When this happened you were a ways down the path to an IPO. You were talking to investors and banks and you were drafting your S-1. How did you weigh the pros and cons of the two different paths?
It was not an easy decision. There was a lot of debate around it. A big factor was execution risk. Could we continue to execute as we had in the past? The analytics market is crowded and has been around for a long time. A new player could come up and begin to work around our value. Second, we were at historically high valuations in the SAAS market. We could still execute really well and experience a lower valuation over time. Third, we cared about how our customers would be treated. Would they be taken care of? Would they be able to operate across these other databases so we wouldn’t leave anybody high and dry. That was very important. And of course, we wanted our employees to be taken care of as well.
Looker’s relationship with Google, how deep inside the company did it reach, and what role did it play in weighing all these factors?
We were about 1000 people total at the time of the acquisition. I’d say probably in the order of 150 of our sales people and sales engineers in the field were in direct contact with Google. On the engineering side, another 100 would have the occasion to interact with Google. And I think all of the engineering team would have an understanding of our work with Google.
We really understood each other’s sales processes. If the relationship hadn’t been there, we wouldn’t have the same confidence that our customers would be well treated. It wouldn’t have been as clear that we shared a vision for where to take the product. The future of our employees wouldn’t have been as clear.
Would we have come to the same conclusion? I don’t know. There would have been a lot more questions.
What are the lessons for how a company should think back on partnerships with bigger players?
There's a couple of things. One is that these partnerships have to be symbiotic, meaning both parties are getting value out of them. Two, a young software company always does have in the back of their mind, that if there is an acquisition, it’s far more likely to come from someone who knows you well. And the better they know you and the more competent you are, the higher value they will likely put on you.
But it’s also really clear you can't count on any of that stuff. You have to be able to perform as you would as a stand-alone company. You have to run a business. And by doing that, your growth probably looks better, your metrics probably look better and that, in turn, makes you a more attractive company. You don’t want to have an acquisition as your only option, because then you have no leverage.
Would there have been dangers in betting on a Google acquisition earlier on?

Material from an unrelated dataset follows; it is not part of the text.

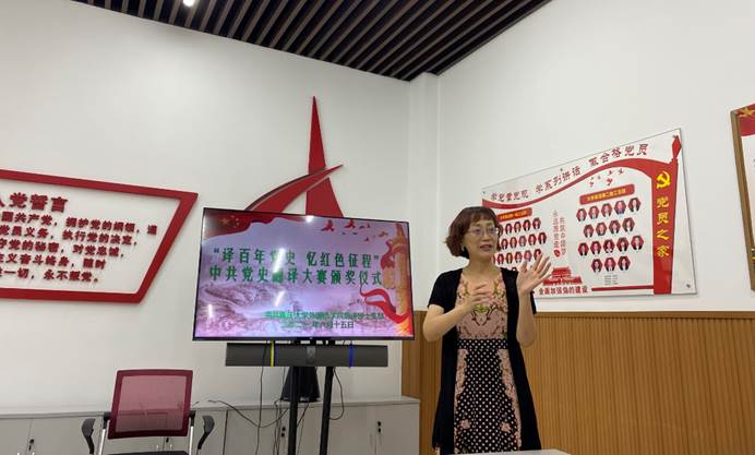 颁奖仪式结束后,翻译硕士支部书记游振声老师以“中国共产党百年伟大贡献”为题为本支部全体党员同志上了一堂专题党课。
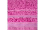 Jednobarwny ręcznik z miękkiej i chłonnej tkaniny bawełnianej o splocie frotte zdobiony kolorową bordiurą w stylu fastrygi. Łatwy w praniu, nie farbuje. , szerokość: 70 cm, długość: 140 cm, kolor AMARANTOWY. Gramatura: 500 GSM. Skład: 100% bawełna

Would Looker have operated differently?
We probably wouldn’t have put as much focus on building our relationships with Snowflake and Amazon. Given that 60% of our customers also operate on those two platforms, we would have been giving up potential growth opportunities.
What’s more, by focusing on our future as a standalone company, we also built the internal processes and controls that would make us a viable public company. That, in turn, helped during the acquisition. The due diligence process we went through with Google was extreme. A large public company doesn’t want to pick up a problem child. So by doing all the things necessary to be a good, attractive standalone company, we created a lot more value.
Any regrets?
I don’t think so. As a CFO, taking a company public may be one of the defining moments of your career. So it’s hard to walk away from that opportunity, especially with a company that would have done well. But part of the role is balancing all the factors that go into that decision. It was the right decision.